• _ABOUT THIS EXERCISE_
Keep the pictures out. Copy every line of the listing exactly.

• _EXERCISE DATA_
-- Opening Marker --

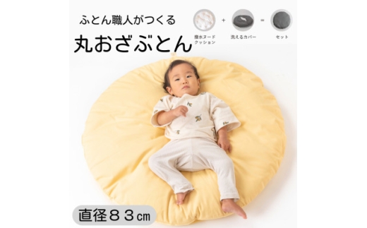 <直径83cm ふかふか丸お座布団>黄色カバー付き おしゃれ可…
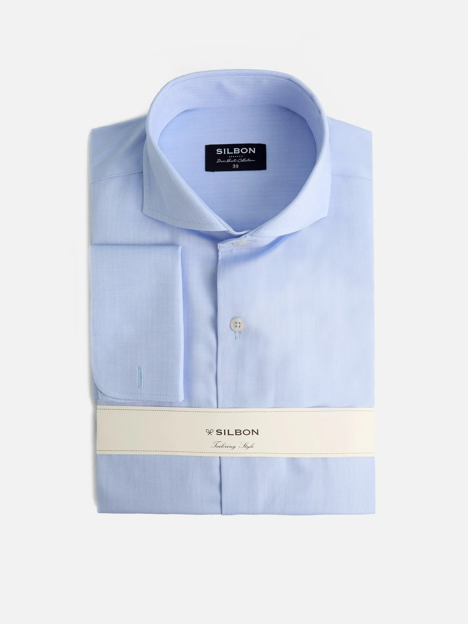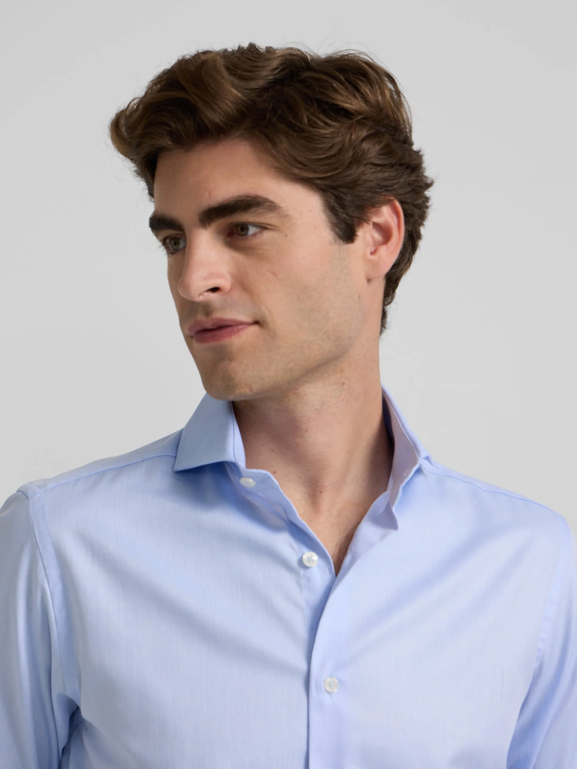 Camisa de vestir confeccionada en tejido espiga de algodón celeste con patrón “Slim fit”, cuello cutaway y puños para gemelos. Incluye nuestras raquetas bordadas en la tapeta y botones personalizados Silbon. Fabricada en España.
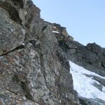 Wichtig war es, jetzt die Pickel exakt zu verankern um dann mit einem beherzten Zug die weiteren Hooks anvisieren. Gut 5 m vom letzten Haken konnte ich wieder einen vernünftigen Friend legen und weiter ging´s in diffiziler Kletterei. Nach mehreren Metern fand ein kleiner Friend wieder einen geeigneten Platz und bald konnte ich am Stand einhängen. Ein Abgang im Quergang vor der Sicherung ist nicht ganz gesund und sollte vermieden werden. Jochen der alte Fuchs tänzelte in sauberer Manier die Seillänge nach oben, hier sollte der Nachsteiger schon eher auch mit diesem Gelände vertraut sein sonst fliegt er beim Quergang eben in die andere Richtung. Nach einer weiteren Länge konnten wir nun das Seil ablegen. Die Spannung ließ langsam nach und weiter ging´s gemütlich über steile Schneefelder zum Nordgrat und anschließend weiter zum Gipfel.

-- Closing Marker --

• _ANSWER TO THIS PROBLEM_
 <直径83cm ふかふか丸お座布団>黄色カバー付き おしゃれ可…
 Camisa de vestir confeccionada en tejido espiga de algodón celeste con patrón “Slim fit”, cuello cutaway y puños para gemelos. Incluye nuestras raquetas bordadas en la tapeta y botones personalizados Silbon. Fabricada en España.
 Wichtig war es, jetzt die Pickel exakt zu verankern um dann mit einem beherzten Zug die weiteren Hooks anvisieren. Gut 5 m vom letzten Haken konnte ich wieder einen vernünftigen Friend legen und weiter ging´s in diffiziler Kletterei. Nach mehreren Metern fand ein kleiner Friend wieder einen geeigneten Platz und bald konnte ich am Stand einhängen. Ein Abgang im Quergang vor der Sicherung ist nicht ganz gesund und sollte vermieden werden. Jochen der alte Fuchs tänzelte in sauberer Manier die Seillänge nach oben, hier sollte der Nachsteiger schon eher auch mit diesem Gelände vertraut sein sonst fliegt er beim Quergang eben in die andere Richtung. Nach einer weiteren Länge konnten wir nun das Seil ablegen. Die Spannung ließ langsam nach und weiter ging´s gemütlich über steile Schneefelder zum Nordgrat und anschließend weiter zum Gipfel.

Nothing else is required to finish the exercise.